Skip to content

calibrax.metrics.functional.ranking¤

Ranking and retrieval metrics for evaluating ordered predictions. Provides NDCG, mean average precision, precision/recall at k, mean reciprocal rank, hit rate, and catalog coverage.

Ranking and retrieval metrics.

Pure functions for evaluating the quality of ranked lists and information retrieval systems. Functions accept predicted scores and ground truth relevance labels.

Includes 8 functions: ndcg, ndcg_at_k, mean_average_precision, precision_at_k, recall_at_k, mean_reciprocal_rank, hit_rate, coverage.

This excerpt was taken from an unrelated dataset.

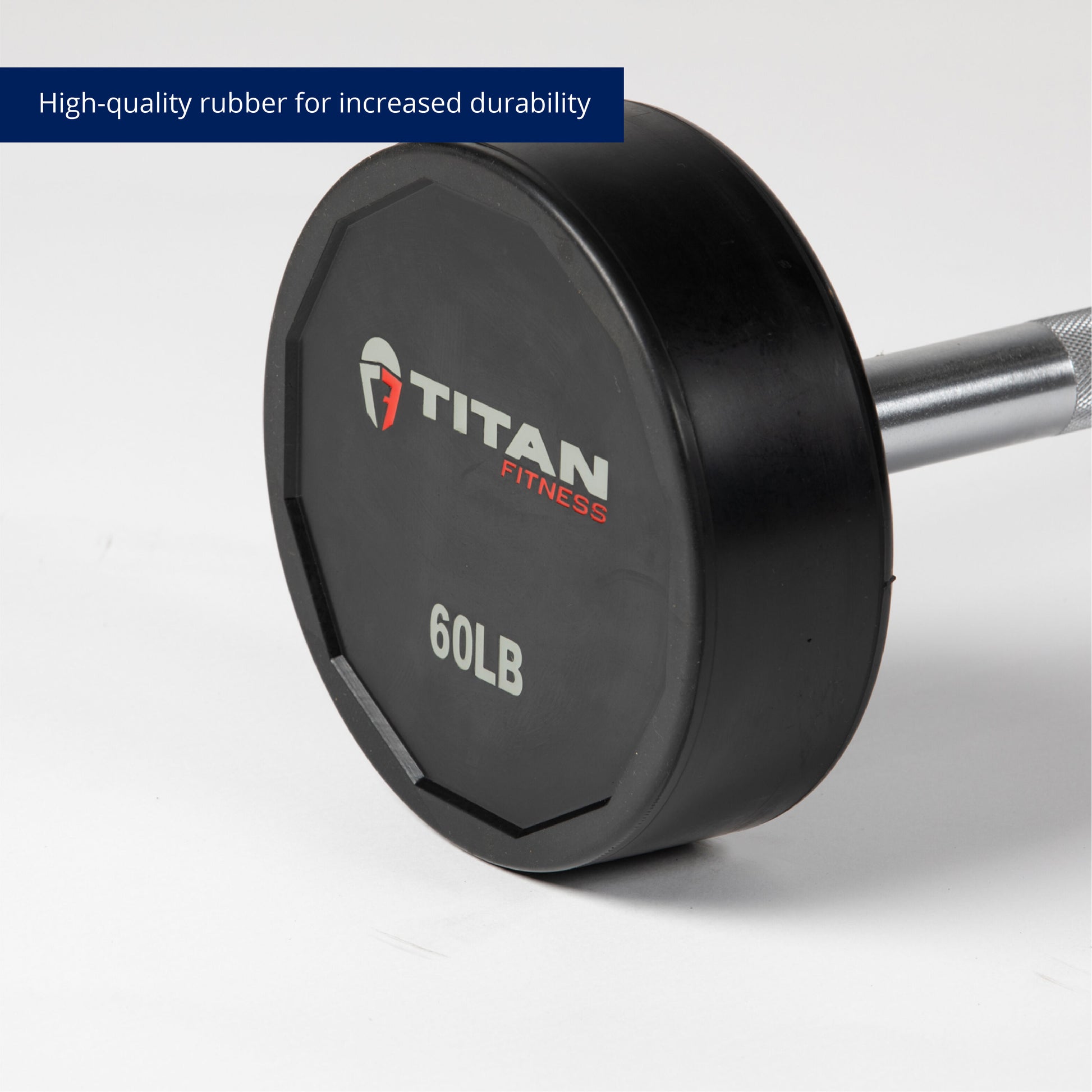 The Rubber Fixed Barbells from Titan Fitness are made from high quality steel fully encased in rubber for a durable design and a clean finish.

ndcg(scores: Any, relevance: Any) -> Any ¤

Normalized Discounted Cumulative Gain (full list).

DCG / IDCG where DCG = sum((2^rel_i - 1) / log2(i+2)).

Note

Direction: HIGHER (1.0 = perfect ranking). Range: [0, 1].

Parameters:

Name Type Description Default
scores Any

Predicted relevance scores.

required
relevance Any

Ground truth relevance labels (non-negative).

required

Returns:

Type Description
Any

NDCG as a scalar value.

Examples:

>>> import jax.numpy as jnp
>>> ndcg(jnp.array([3.0, 2.0, 1.0]), jnp.array([3, 2, 1]))
1.0

ndcg_at_k(scores: Any, relevance: Any, *, k: int) -> Any ¤

NDCG truncated to top-k results.

Note

Direction: HIGHER (1.0 = perfect ranking in top-k). Range: [0, 1].

Parameters:

Name Type Description Default
scores Any

Predicted relevance scores.

required
relevance Any

Ground truth relevance labels.

required
k int

Number of top results to consider.

required

Returns:

Type Description
Any

NDCG@k as a scalar value.

mean_average_precision(scores: Any, relevance: Any) -> Any ¤

Mean Average Precision for a single query.

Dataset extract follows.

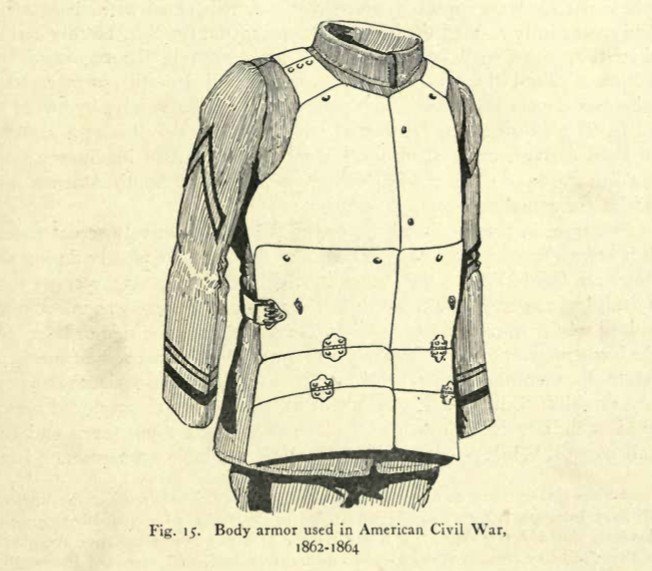 Co se týče snahy o vytvoření neprůstřelné vesty, tak ty se v Americe datují minimálně do období Americké občanské války. Tehdy bylo možno koupit jakési brigantiny, tvořené ocelovými pláty zašitými do látkové vesty. Je pozoruhodné, že výrobci na její přední část našili i pravé knoflíky, aby z vnějšku vypadala jako opravdová vesta nošená pod uniformou. Cílem tedy bylo poskytnout nositeli ochranu jak před kulkou nepřítele, tak i před posměchem spolubojovníků. Tyto neprůstřelné vesty byly inzerovány v tehdejších novinách a je pravděpodobné, že si je mohli dovolit pouze majetní důstojníci. Navíc patrně jen z průmyslovějšího Severu, jelikož státy Unie bylo na mnohem vyšším stupni industrializace a nacházely se zde významné ocelárny a specializované dílničky. V Richmondském muzeu se nachází velice zvláštní brnění z této doby. Patřilo jednomu z vojáků zabitých v zákopových bojích. Bylo vyrobeno v New Haven roku 1862 a vážilo tři a půl kila. Ocelový plech tlustý 1,9mm sice dokázal svého nositele ochránit před kulkami letícími rychlostí až 150 metrů za sekundu, leč svého nositele ochránit nedokázal, neb byl zasažen do zad (zbroj vydržela). Existují i písemné záznamy o vojácích, kterým zachránily život různé pancéřové plechy a provizorní pancéře, leč stále se jednalo pouze o soukromou iniciativu jednotlivců a i v této době vyráželi důstojníci do boje stejně nechráněni jako prostí vojáci.
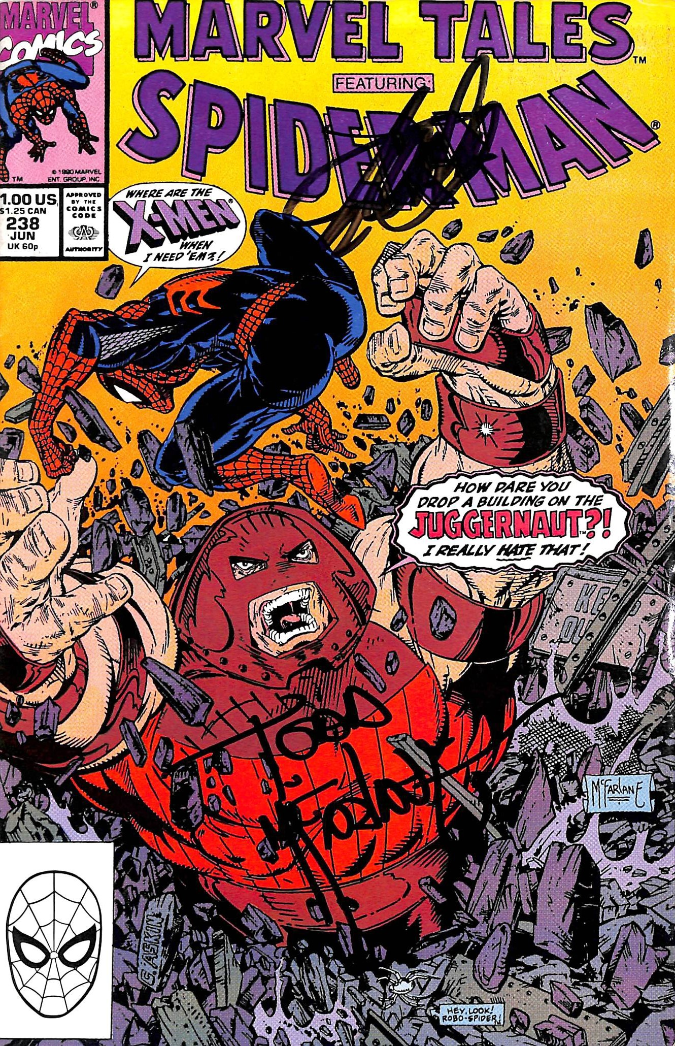 Stan Lee & Todd McFarlane Signed Marvel Tales Spider-Man #238 Comic BAS #E35336

Average of precision at each relevant position.

Note

Direction: HIGHER (1.0 = all relevant items ranked first). Range: [0, 1]. Relevance must be binary (0/1).

Parameters:

Name Type Description Default
scores Any

Predicted relevance scores.

required
relevance Any

Binary ground truth (0 or 1).

required

Returns:

Type Description
Any

Average precision as a scalar value.

Examples:

>>> import jax.numpy as jnp
>>> mean_average_precision(jnp.array([3.0, 1.0, 2.0]), jnp.array([1, 0, 1]))
1.0

precision_at_k(scores: Any, relevance: Any, *, k: int) -> Any ¤

Fraction of relevant items in top-k.

Note

Direction: HIGHER (1.0 = all top-k are relevant). Range: [0, 1].

Parameters:

Name Type Description Default
scores Any

Predicted relevance scores.

required
relevance Any

Binary ground truth (0 or 1).

required
k int

Number of top results to consider.

required

Returns:

Type Description
Any

Precision@k as a scalar value.

recall_at_k(scores: Any, relevance: Any, *, k: int) -> Any ¤

Fraction of relevant items found in top-k.

Note

Direction: HIGHER (1.0 = all relevant items in top-k). Range: [0, 1].

Parameters:

Name Type Description Default
scores Any

Predicted relevance scores.

required
relevance Any

Binary ground truth (0 or 1).

required
k int

Number of top results to consider.

required

Returns:

Type Description
Any

Recall@k as a scalar value.

mean_reciprocal_rank(scores: Any, relevance: Any) -> Any ¤

Reciprocal of the rank of the first relevant item.

Note

Direction: HIGHER (1.0 = first item is relevant). Range: [0, 1]. Returns 0.0 if no relevant items.

Parameters:

Name Type Description Default
scores Any

Predicted relevance scores.

required
relevance Any

Binary ground truth (0 or 1).

required

Returns:

Type Description
Any

MRR as a scalar value.

Examples:

>>> import jax.numpy as jnp
>>> mean_reciprocal_rank(jnp.array([1.0, 3.0, 2.0]), jnp.array([0, 1, 0]))
1.0

hit_rate(scores: Any, relevance: Any, *, k: int) -> Any ¤

Whether any relevant item appears in top-k.

Note

Direction: HIGHER. Range: {0.0, 1.0} (binary).

Parameters:

Name Type Description Default
scores Any

Predicted relevance scores.

required
relevance Any

Binary ground truth (0 or 1).

required
k int

Number of top results to consider.

required

Returns:

Type Description
Any

1.0 if any relevant item in top-k, 0.0 otherwise.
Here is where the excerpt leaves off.